Getting started#

Welcome to xarray-einstats!#

xarray-einstats is an open source Python library part of the ArviZ project. It acts as a bridge between the xarray library for labelled arrays and libraries for raw arrays such as NumPy or SciPy.

Xarray has as “Compatibility with the broader ecosystem” as one of its main goals. Which is what allows xarray-einstats to perform this bridge role with minimal code and duplication.

Overview#

xarray-einstats provides wrappers for:

These wrappers have the same names and functionality as the original functions. The difference in behaviour is that the wrappers will not make assumptions about the meaning of a dimension based on its position nor they have arguments like axis or axes. They will have dims argument that take dimension names instead of integers indicating the positions of the dimensions on which to act.

It also provides a handful of re-implemented functions:

These are partially reimplemented because the original function doesn’t yet support multidimensional and/or batched computations. They also share the name with a function in NumPy or SciPy, but they only implement a subset of the features. Moreover, the goal is for those to eventually be wrappers too.

Using xarray-einstats#

DataArray inputs#

Functions in xarray-einstats are designed to work on DataArray objects.

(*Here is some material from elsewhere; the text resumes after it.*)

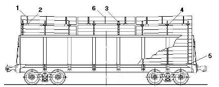Тонкомерные круглые лесоматериалы (подтоварник) объединяют в щиты 3, 7 с помощью увязок 5 из проволоки диаметром 6 мм в одну нить. Торцовые щиты дополнительно укрепляют двумя досками или горбылями толщиной не менее 25 мм, шириной не менее 100 мм и длиной, равной ширине щита. Длина торцового щита должна быть равна внутренней ширине полувагона. Боковое ограждение должно состоять из двух щитов либо трех щитов встык. При установке боковые щиты упираются в торцовые щиты. Каждый щит закрепляют в четырех местах к стойкам увязками из проволоки диаметром не менее 3 мм в одну нить. В местах верхнего крепления щита к стойке на ней выполняют зарубку для фиксации в ней проволоки. Противоположные боковые стойки должны быть скреплены в соответствии с требованиями пункта 1.5 настоящей главы.

Let’s load some example data:

from xarray_einstats import linalg, stats, tutorial

da = tutorial.generate_matrices_dataarray(4)
da
<xarray.DataArray (batch: 10, experiment: 3, dim: 4, dim2: 4)>
3.799 0.4308 3.24 0.1412 0.9402 0.7951 ... 0.6156 1.124 0.8559 2.108 0.7637
Dimensions without coordinates: batch, experiment, dim, dim2

and show an example:

stats.skew(da, dims=["batch", "dim2"])
<xarray.DataArray (experiment: 3, dim: 4)>
1.256 1.432 0.9728 1.762 1.612 1.188 1.033 2.388 2.196 1.455 1.631 1.373
Dimensions without coordinates: experiment, dim

xarray-einstats uses dims as argument throughout the codebase as an alternative to both axis or axes indistinctively, also as alternative to the (..., M, M) convention used by NumPy.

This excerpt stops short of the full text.